Going through a break-up or ending any sort of relationship can be extremely difficult. There are many self-help tips that may be helpful through the healing process.

Going through a break-up, ending a relationship or divorce is a major loss and can be very challenging to navigate. Many people experience feelings of grief, loss and even trauma. It’s a major transition to lose a relationship with someone and it’s difficult to experience. Divorce can be especially challenging considering that many people have shared possessions, legal considerations, and even children that they must also care for through the process. 

Tips to help you cope with a break-up:

1. Take Care of Yourself:

Implementing coping skills and a self-care practice is essential to surviving the pain of divorce or a break-up. Try setting a daily or weekly goal of participating in at least one activity that will be beneficial to your emotional, mental and physical wellbeing. Some activities could include writing in a journal, meditating, exercising, taking a hot bath, reading a book or any other activity that you find helpful and healing. Be sure to make taking care of yourself a priority. You can set an alarm or calendar reminder to complete your daily healing activity. 

2. Use your support system:

Lean on your friends and family during this difficult time. It’s important to have a good strong support system that you can lean upon in a time of need. Having support helps by having someone to talk to, distract you, vent to or even to laugh with. Support can also come in many forms. You can find support with your friends and family as well as social clubs, community-based groups, and even grief and healing support groups. Support groups can be especially helpful to talk with people who may be experiencing a similar situation as your own.

3. Express your feelings:

If you find it helpful, be sure to talk about your feelings, but be sure that you are doing so in a healthy & constructive way. Many people want to vent and for a short time, that can be helpful, but if we get stuck on the same material in an unhealthy way and not move forward, it ends up being more detrimental than helpful. Talking about how you feel can be helpful with releasing hurt feelings and difficult emotions so be sure to find opportunities to express yourself and situation. 

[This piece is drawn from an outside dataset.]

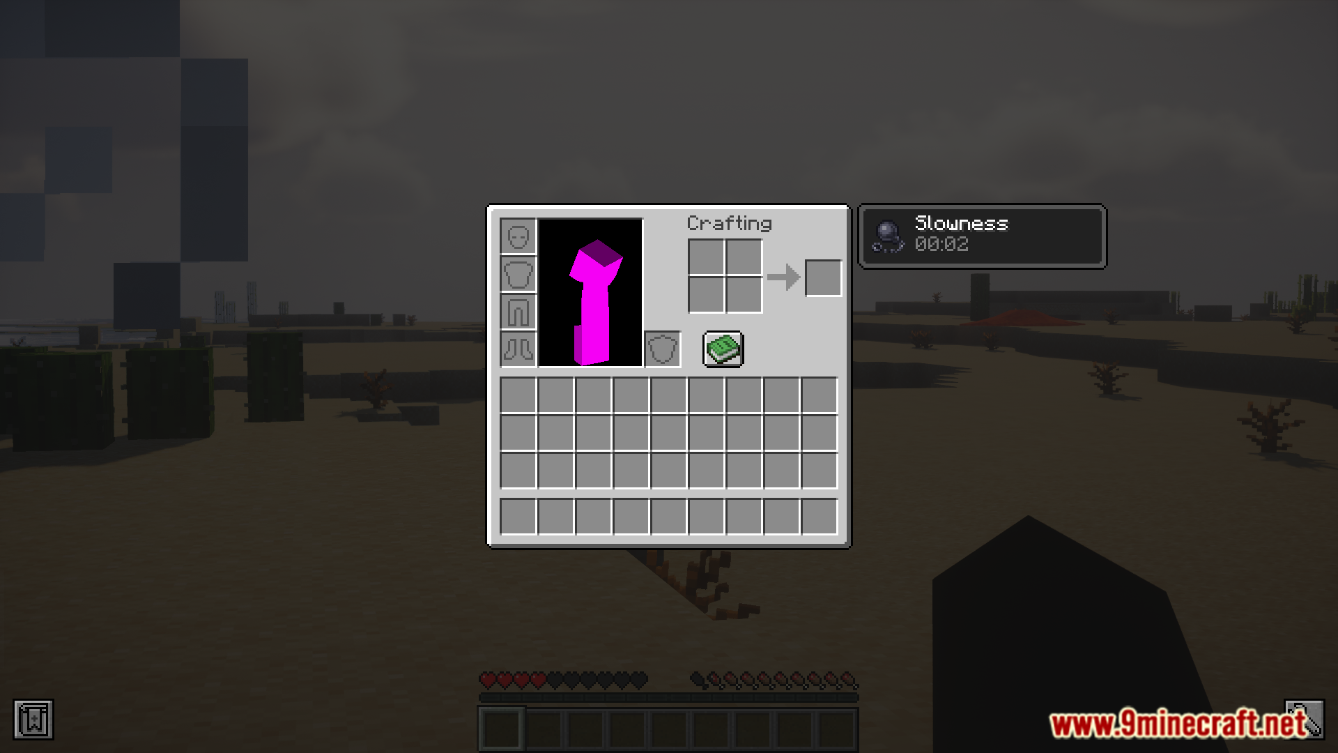 As the name suggests, Bad Effects Mod (1.20.1, 1.19.2) introduces a collection of different negative effects into the game. These are effects that will be applied to the player as punishment when they perform certain activities. These effects will adversely affect the gameplay experience and motivates the player to not indulge in activities that inflict the effect. For example, the broken leg effect will be applied when a player loses one or more hearts from fall damage. As a result, player movement speed will be reduced until the effect runs out.

4. Take the time that you need:

Don’t rush into feeling better and especially according to other people’s standards. You don’t have to jump back into dating right away and remember that responses to break-ups can be very different as every relationship, break-up, and situation is completely different. Some relationships may be short in comparison to others, but it could be that the shorter relationship hits harder because it was more intense. Perhaps your breakup came as a surprise, which can play a role in the response, reaction and how you need to heal. Again, each situation and relationship is completely different, which means the path to recovery and healing will also be different. Therefore, allow yourself the time you need to heal. 

5. Use Distraction:

Be sure to engage in fun activities or hobbies during your healing process. Many people may want to hide or find that doing anything fun while they are in pain is impossible, but it’s these distracting activities that can facilitate healing. By hiding inside your house or not socializing, you may find that this will cause you to constantly think of their ex or memories that you had together, which tends to make things feel worse. So when you feel up for it, distract yourself with a fun activity. You can try going to coffee or lunch with a friend, get a manicure or pedicure, go watch a movie, or join a new social group. The point here is to attempt to force yourself into finding a distracting activity that can help to facilitate your mental and emotional healing. 

6. Do something new:

Trying something new or spontaneous can boost self-esteem, excitement, and distraction, which can all be helpful when you’re going through a break-up. This is similar to finding a distracting activity or hobby, as stated above, but the difference here is trying something new. When we engage in something new, it can be very beneficial for our minds. It causes us to use more focus, attention and mental energy since we are unfamiliar with the task. New activities can be very helpful for your brain health as well because it creates new neural pathways in the brain and again enhances mental and cognitive focus and attention. These types of activities can help with emotional healing.

7. Engage in Reflection:

Self-reflection allows you to think about things that you may have learned about yourself while in a relationship. Take time to reflect on aspects that you liked and did not like about your relationship, yourself or your partner. This can be very eye-opening and allow you to be more self-aware and healthy for future relationships. Many people can see aspects or dynamics that they do not want in future relationships simply due to something negative that has happened previously. This again can help us to better future relationship as well as ourselves. 

8. Practice Gratitude:

Expressing ‘thanks’ may sound opposite of what you want to engage in during a break-up or while ending any relationship, but it can be quite helpful and healing. Try forcing yourself to find the positives in a very negative situation. This is similar to engaging in self-reflection as you may want to review things that you learned from your relationship and what you feel thankful for. This can be extremely helpful in the healing process. Expressing gratitude helps to boost optimism and happiness and it can lead to a happier and healthier relationship in the future. 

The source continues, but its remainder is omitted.